Function Composition

(f ∘ g)(x) = f(g(x))

First apply g to x, then apply f to the result.

Example

If f(x) = x² and g(x) = x + 1, then:

(f ∘ g)(x) = f(g(x)) = f(x + 1) = (x + 1)² = x² + 2x + 1

(g ∘ f)(x) = g(f(x)) = g(x²) = x² + 1

Notice that f ∘ g ≠ g ∘ f in general!

Systems of Equations

A system of equations is a set of two or more equations with the same variables. The solution is the set of values that satisfies all equations simultaneously.

Methods of Solving

1. Substitution Method

Solve one equation for one variable, then substitute into the other equation.

Example

Solve: y = 2x + 1 and 3x + y = 11

Substitute y = 2x + 1 into the second equation:

3x + (2x + 1) = 11

5x + 1 = 11

5x = 10, so x = 2

Then y = 2(2) + 1 = 5

Solution: (2, 5)

2. Elimination Method

Add or subtract equations to eliminate one variable.

3. Graphing Method

Graph both equations and find the intersection point(s).

Types of Solutions

One solution: Lines intersect at exactly one point (consistent and independent)
No solution: Lines are parallel (inconsistent)
Infinitely many solutions: Lines are the same (consistent and dependent)

Exponents and Radicals

Exponents represent repeated multiplication.
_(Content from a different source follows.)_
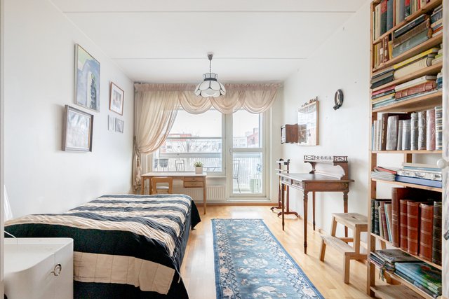 - Isohko makuuhuone, johon mahtuu mainiosti niin sänky kuin työpöytäkin etätyöskentelyä varten. Makuuhuoneesta kulku lasitetulle parvekkeelle.
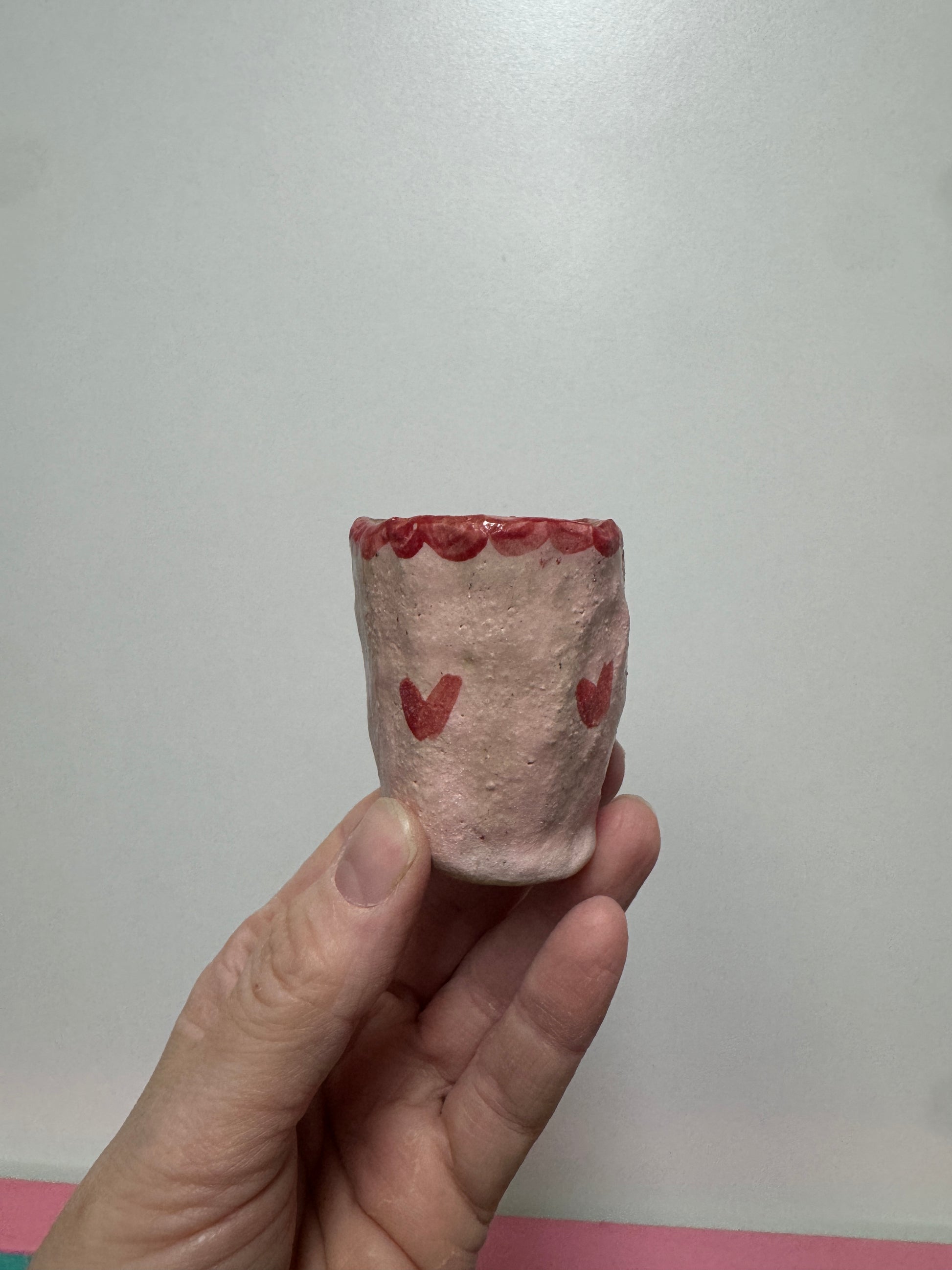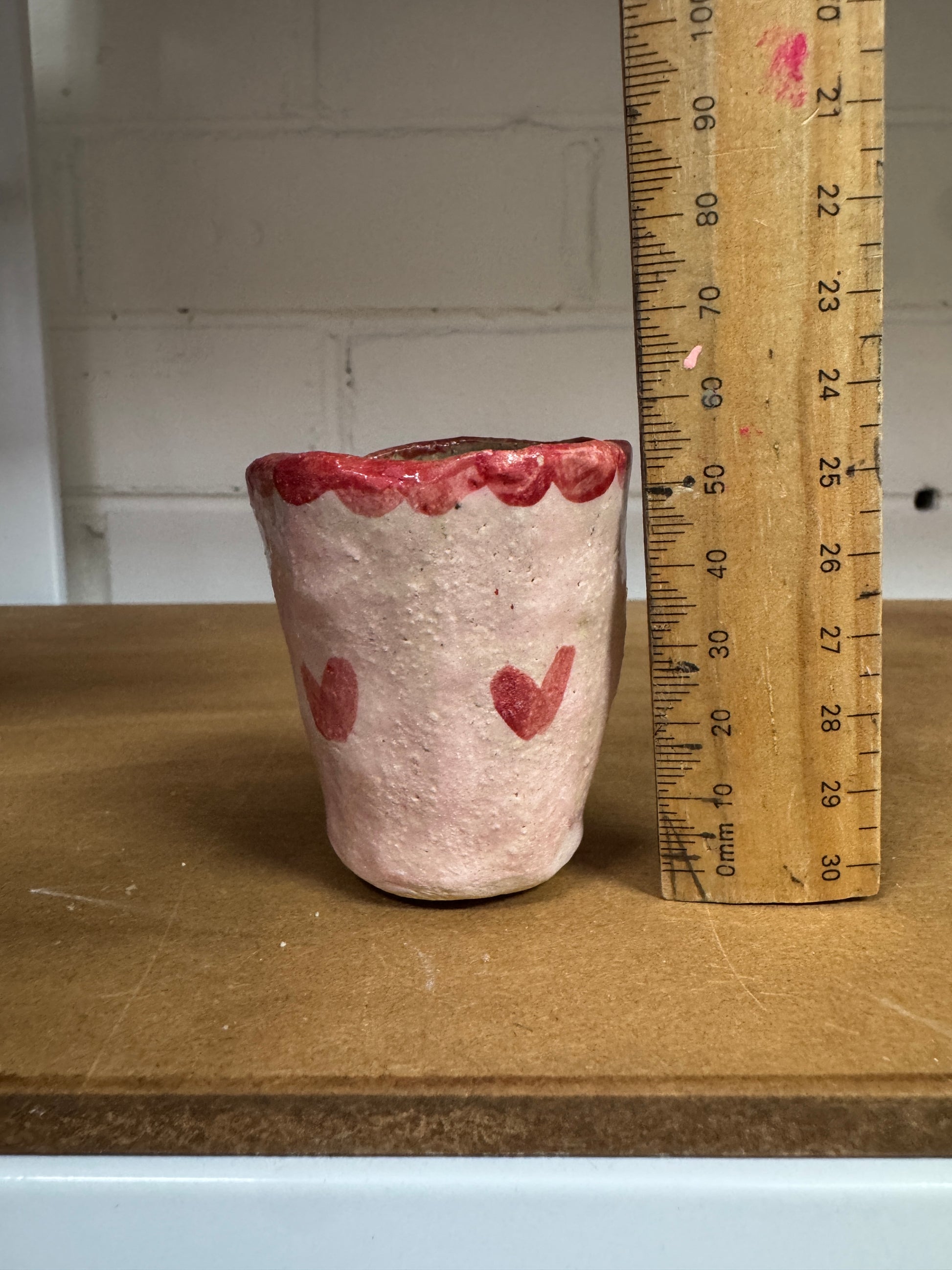 Ceramics - Handpainted Heart Vase with red scalloped edge

Understanding the laws of exponents is crucial for simplifying expressions.

Laws of Exponents

Product Rule: aᵐ · aⁿ = aᵐ⁺ⁿ
Quotient Rule: aᵐ / aⁿ = aᵐ⁻ⁿ
Power Rule: (aᵐ)ⁿ = aᵐⁿ
Zero Exponent: a⁰ = 1 (when a ≠ 0)
Negative Exponent: a⁻ⁿ = 1/aⁿ
Fractional Exponent: a^(m/n) = ⁿ√(aᵐ)

Radicals

A radical is the inverse operation of an exponent. The most common is the square root:

√a = a^(1/2)

Simplifying Radicals

Example: Simplify √72

√72 = √(36 × 2) = √36 × √2 = 6√2

Factoring Techniques

Factoring is the process of writing an expression as a product of simpler expressions. It's essential for solving equations and simplifying rational expressions.

Common Factoring Techniques

1. Greatest Common Factor (GCF)

Factor out the largest factor common to all terms:

6x³ + 9x² = 3x²(2x + 3)

2. Difference of Squares

a² - b² = (a + b)(a - b)

3. Perfect Square Trinomials

a² + 2ab + b² = (a + b)²
a² - 2ab + b² = (a - b)²

4. Sum and Difference of Cubes

a³ + b³ = (a + b)(a² - ab + b²)
a³ - b³ = (a - b)(a² + ab + b²)

5. Factoring by Grouping

Example: Factor x³ + 3x² + 2x + 6

Group: (x³ + 3x²) + (2x + 6)

Factor each group: x²(x + 3) + 2(x + 3)

Factor out (x + 3): (x + 3)(x² + 2)

Factoring is one of the most important skills in algebra. Practice recognizing patterns — over time, you'll be able to factor expressions quickly by sight.